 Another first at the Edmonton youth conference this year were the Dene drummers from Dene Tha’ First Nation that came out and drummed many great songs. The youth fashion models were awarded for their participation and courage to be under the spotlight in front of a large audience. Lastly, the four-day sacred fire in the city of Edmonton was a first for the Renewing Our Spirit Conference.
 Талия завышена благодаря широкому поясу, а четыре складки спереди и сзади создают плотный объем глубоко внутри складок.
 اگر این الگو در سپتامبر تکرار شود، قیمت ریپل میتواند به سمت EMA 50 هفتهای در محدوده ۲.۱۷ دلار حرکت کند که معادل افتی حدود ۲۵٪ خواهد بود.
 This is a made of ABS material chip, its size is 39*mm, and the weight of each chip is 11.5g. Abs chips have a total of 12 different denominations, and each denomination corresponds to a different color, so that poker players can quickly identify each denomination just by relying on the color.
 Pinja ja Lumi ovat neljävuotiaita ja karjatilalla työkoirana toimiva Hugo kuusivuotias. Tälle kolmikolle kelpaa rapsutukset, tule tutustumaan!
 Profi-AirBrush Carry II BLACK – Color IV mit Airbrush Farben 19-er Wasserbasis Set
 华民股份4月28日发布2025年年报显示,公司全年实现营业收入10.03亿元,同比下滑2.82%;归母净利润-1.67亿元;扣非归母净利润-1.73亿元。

=-=-=

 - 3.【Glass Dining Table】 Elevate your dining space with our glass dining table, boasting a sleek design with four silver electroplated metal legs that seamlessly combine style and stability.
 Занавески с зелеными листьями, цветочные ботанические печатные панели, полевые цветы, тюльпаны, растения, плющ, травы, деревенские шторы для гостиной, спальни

=-=-=

__Instructions for the task__: Your answer should consist of the lines from the line with "Profi-AirBrush Carry II" to the line with "华民股份4月28日发布202" above, repeated exactly, both ends included.

__Task solution__:
 Profi-AirBrush Carry II BLACK – Color IV mit Airbrush Farben 19-er Wasserbasis Set
 华民股份4月28日发布2025年年报显示,公司全年实现营业收入10.03亿元,同比下滑2.82%;归母净利润-1.67亿元;扣非归母净利润-1.73亿元。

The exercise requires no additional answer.